Select Page

When I was a young child living in Ohio I spent a lot of time playing with my cousin Gina, who was a couple of years younger than me and the daughter of my dad’s brother John. Gina and her family lived on a farm in nearby Oberlin. I remember traveling to her house where they had a large sandbox, and we played in that sandbox for hours at a time, digging trenches and building castles and houses and walls.

Gina might have been my best friend as a young child, as much as I could muster up the responsibilities of friendship. Our carefree times together still linger with me as the high epitome of childhood innocence: playing for the sake of playing, a privilege we gradually learn to give away as adults for the illusion of greater “responsibility.”

Behind the scenes a major change was in the works. It interrupted the life I knew and jump-started a string of goodbyes that slowly unraveled the perception of that innocence. My parents decided to move us to Florida, which I have often quipped is mandatory if you happen to reside in Ohio, New York or New Jersey.

I didn’t see much of my cousin Gina after the move to Florida. She and her family visited once or twice during the 1980s, and I saw her again at Christmas 1989 when we gathered at my oldest sister Fran’s house in Strongsville. By then Gina was a beautiful 20-year-old with big brown eyes, attending college. We had a lot of fun catching up.

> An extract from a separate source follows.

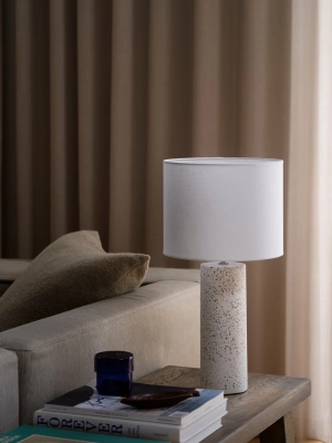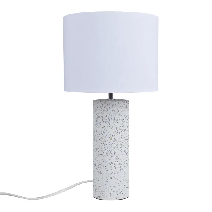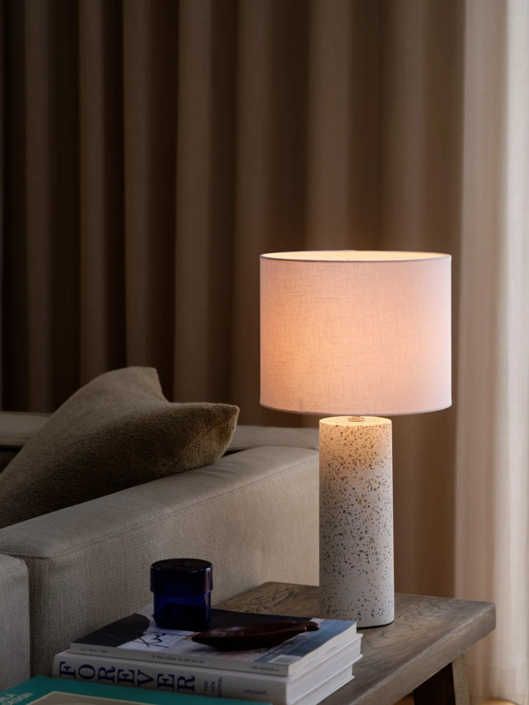 Antiga har et klassisk design med et moderne twist. Lampen har en smuk fod i terrazzo og en klassisk stofskærm, der sikrer et blødt og diffust lys.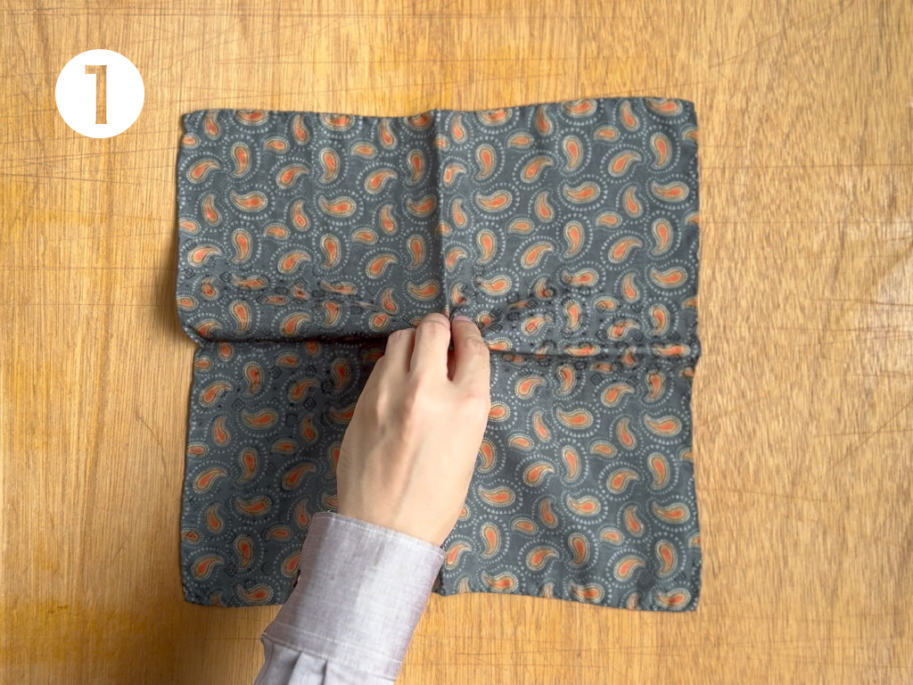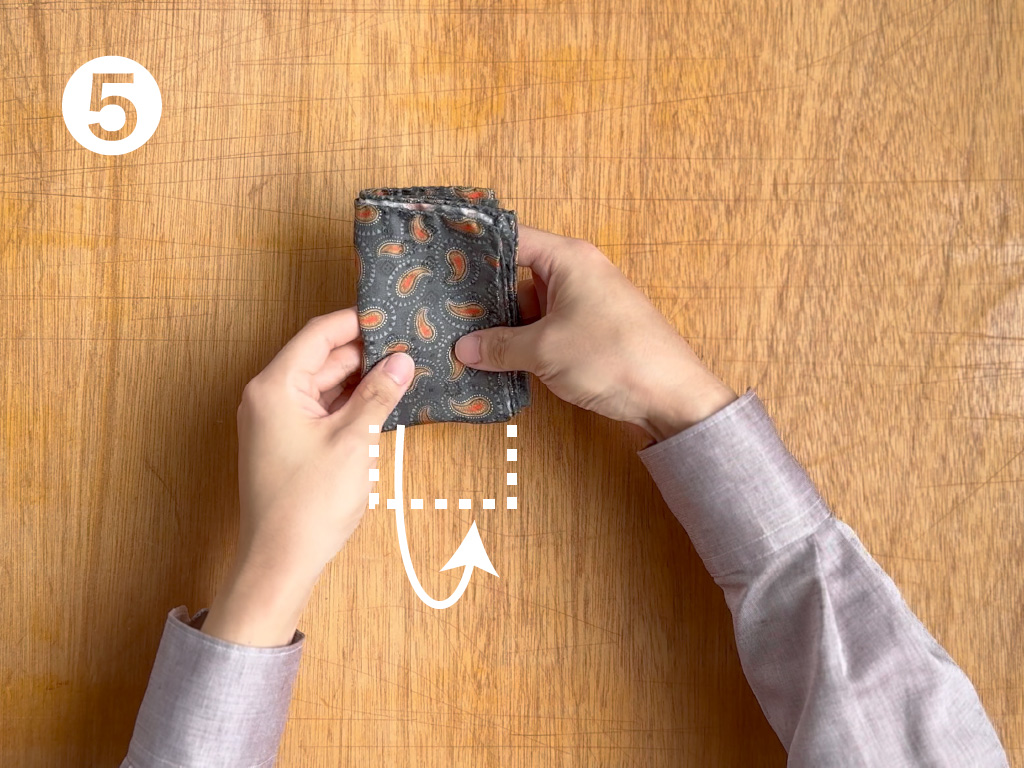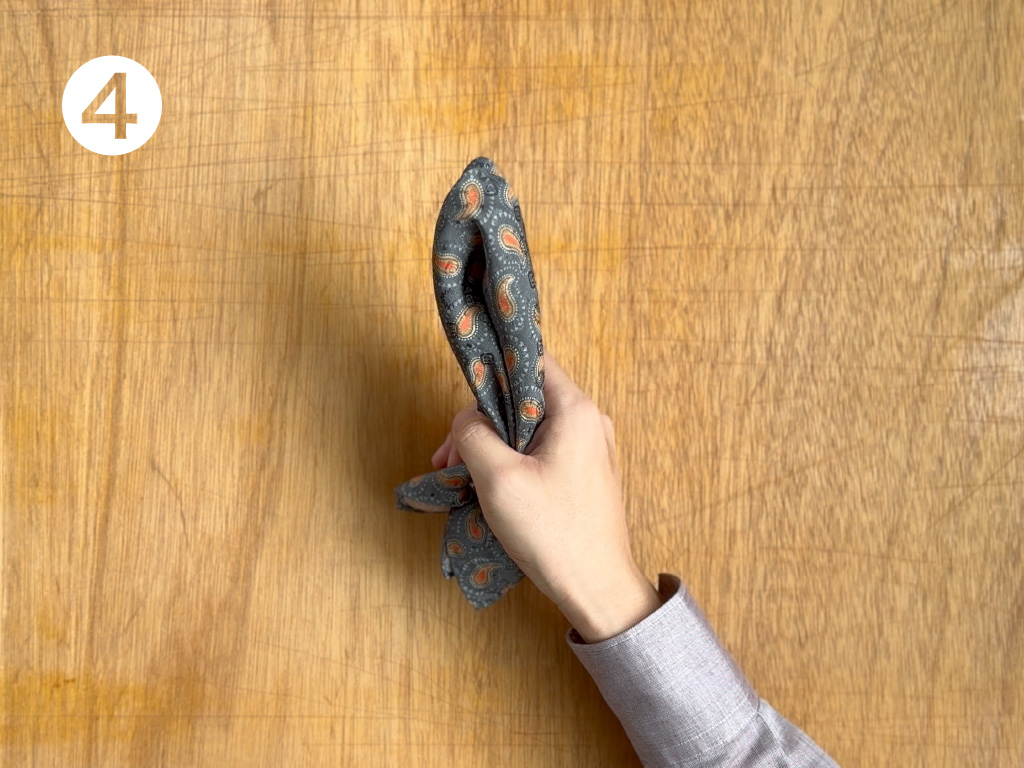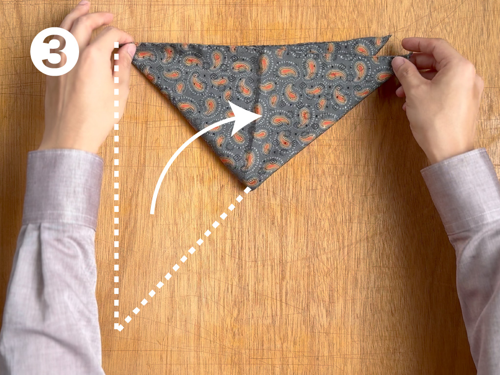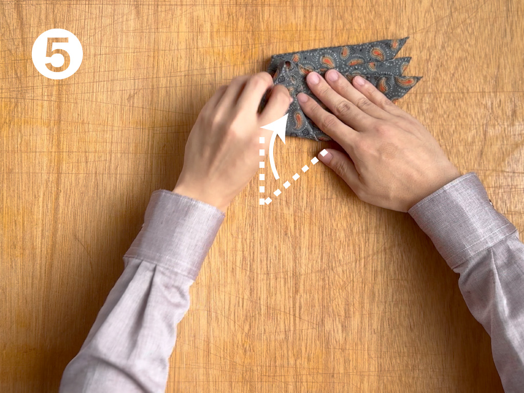 ③下から上に、縦方向に折る (ポケットチーフの角が、左上に集まるように折る)

After flying home from Ohio to Florida, catching a cold on the airplane and finishing what was left of my last Christmas break of my last year in college, I packed up my stuff on the first Sunday of January 1990 and made the four-hour drive back to school in Tallahassee.

Shortly after arriving, a phone call from my brother informed me that Gina had died in an icy car crash that weekend in Ohio. And just like that the last grains of imagined childhood innocence slipped through my fingers like fine sand, as quickly as Gina had slipped from life to death.

I spent that final semester of college haunted by the photos we had taken of Gina just 10 days or so before her death; hanging out in my sister’s living room, happy, perfectly healthy, well-adjusted to life. I clung to the distant mental images of the two of us playing in the sandbox, hanging out, happy, perfectly healthy, trying to adjust to childhood. Had it all been a dream?

While passing co-eds on campus—and there was no shortage of coeds at Florida State University—I would sometimes see Gina’s face. I threw my all into school that semester and earned a 4.0 in my classes to finish strong, and part of me was serving the effort as a tribute to Gina; my own private way of keeping her memory alive. Maybe it was a larger, performance-oriented effort to once and for all overcome whatever within me remained lacking for an interrupted kindergarten, and for a childhood that could never quite wiggle out from under the weight of those thick glasses or break through the barrier of the stutter.

I have noticed that what is most precious to me feels ever fleeting and already slipping through my fingers, even as I hold it before me: naked innocence; people; opportunities; happiness; and so forth. Every moment matters, and in my constant hurry to get to the distant future that “could be” I often fail to appreciate the current stretch of what is.

Even as I write this my oldest daughter Alexandra is a college graduate working in France and my youngest daughter Olivia is a college freshman. How did that happen?

As they were growing up, I didn’t want to let one grain of their precious childhood or innocence slip through my fingers. I wanted to hold all the sand in the palms of my hands, and keep eternity secured in the shelter of my passionate oversight. I can’t come to terms with even the potential of goodbyes when it concerns my little girls.

But I knew I couldn’t retain the grains any more than I could suspend the tides or harness the winds. I could only play hard and bring out as much joy and potential in them as possible, during whatever fleeting time we had together in the sandbox.